This section provides our recommendations to practitioners who would like to
use the MeBoTS method:

 – We recommend practitioners to try a variation of classification models with
   different hyper-parameter tuning to assess models’ effectiveness when using
   the MeBoTS method.
 – Using a BoW based classifier in the MeBoTS method surpasses that used
   with WE, and therefore, we recommend the use of the simple BoW modelling
   technique for extracting features from code churns for training a classifier.


8   Conclusion and Future Work

In this study, we experimented with a set of industrial code churns and test exe-
cution results the effectiveness of using WE as an alternative feature extraction
approach to BoW in the MeBoTS method. By conducting a total of 30 trials of
training and validating two prediction models on the BoW and WE vector repre-
sentations, we empirically compared the difference between the models’ precision
and recall scores.
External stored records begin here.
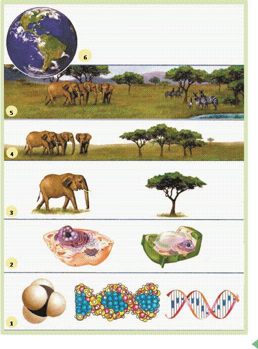 Мал. 2.4. Рівні організації живої матерії: 1 – молекулярний (відбуваються біохімічні реакції, кодується спадкова інформація); 2 – клітинний (клітини складаються з молекул); 3 – організмовий (багатоклітинні організми складаються з клітин); 4 – популяційно-видовий (види складаються з популяцій, а популяції – з окремих особин одного виду); 5 – екосистемний, або біогеоценотичний (складається з різних видів); 6 – біосферний (біосфера – сукупність усіх екосистем планети)
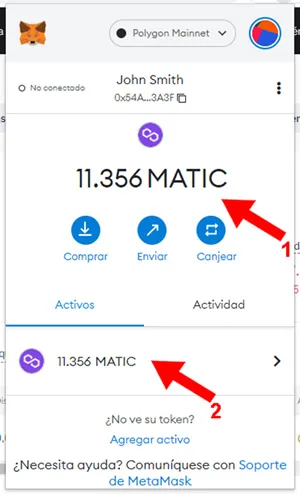 Ahora necesitas verificar el saldo de MATIC de la wallet Metamask:
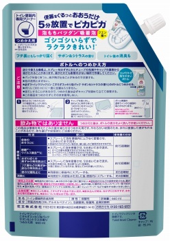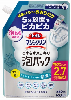 泡パックで簡単にトイレ掃除ができ、消臭効果もあります。逆さスプレーでフチ裏もきれいにし、サボン&シトラスの香りが楽しめます。
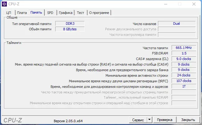 Интерфейс CPU-Z интуитивно понятен и разделён на несколько вкладок: CPU, Caches, Mainboard, Memory, SPD и Graphics. На вкладке CPU отображаются все ключевые параметры процессора, включая модель, семейство, техпроцесс и текущую частоту. Вкладка Memory показывает тип, объём и режим работы оперативной памяти, а SPD позволяет просмотреть данные каждого модуля по отдельности. Вкладка Graphics отражает информацию о подключённых видеокартах, включая модель и частоту GPU. Для запуска теста задержек памяти используется вкладка Bench, где достаточно нажать кнопку «Memory» для начала измерений.
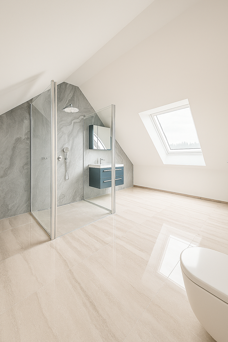Bodengleiche Dusche, hochwertige Fliesen 🚿
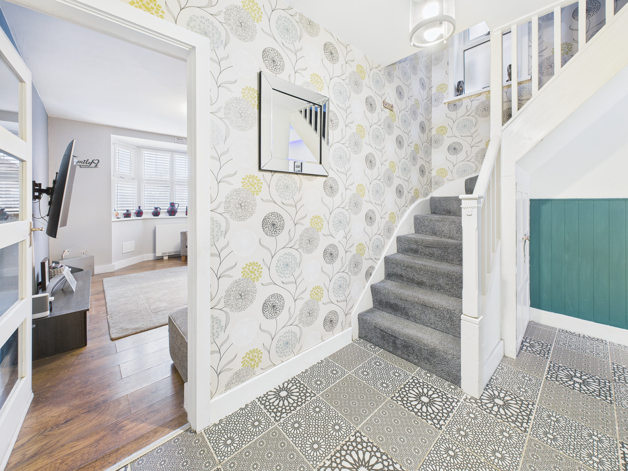 The welcoming entrance hall sets a bright and homely tone, featuring stylish tiled flooring, soft lighting and an under-stairs storage cupboard. To the front, the bay-fronted lounge provides an inviting retreat, filled with natural light and with fitted shutters for privacy - perfect for unwinding after a busy day.

The results confirm with statistical significance (p-value less
than 0.001) that modelling code churns with BoW results in higher prediction
performance as compared with a WE-based model. In terms of future work,
more empirical studies with larger industrial data are needed to validate the
effectiveness of both techniques in the context of MeBoTS. Moreover, training a
series of word embeddings using a different variation of parameters such as the
vector and window sizes is needed to draw more conclusive results about the
effectiveness of WE in this context.


References
 1. Agrawal, H., Horgan, J.R., Krauser, E.W., London, S.A.: Incremental regression
    testing. In: 1993 Conference on Software Maintenance. pp. 348–357. IEEE (1993)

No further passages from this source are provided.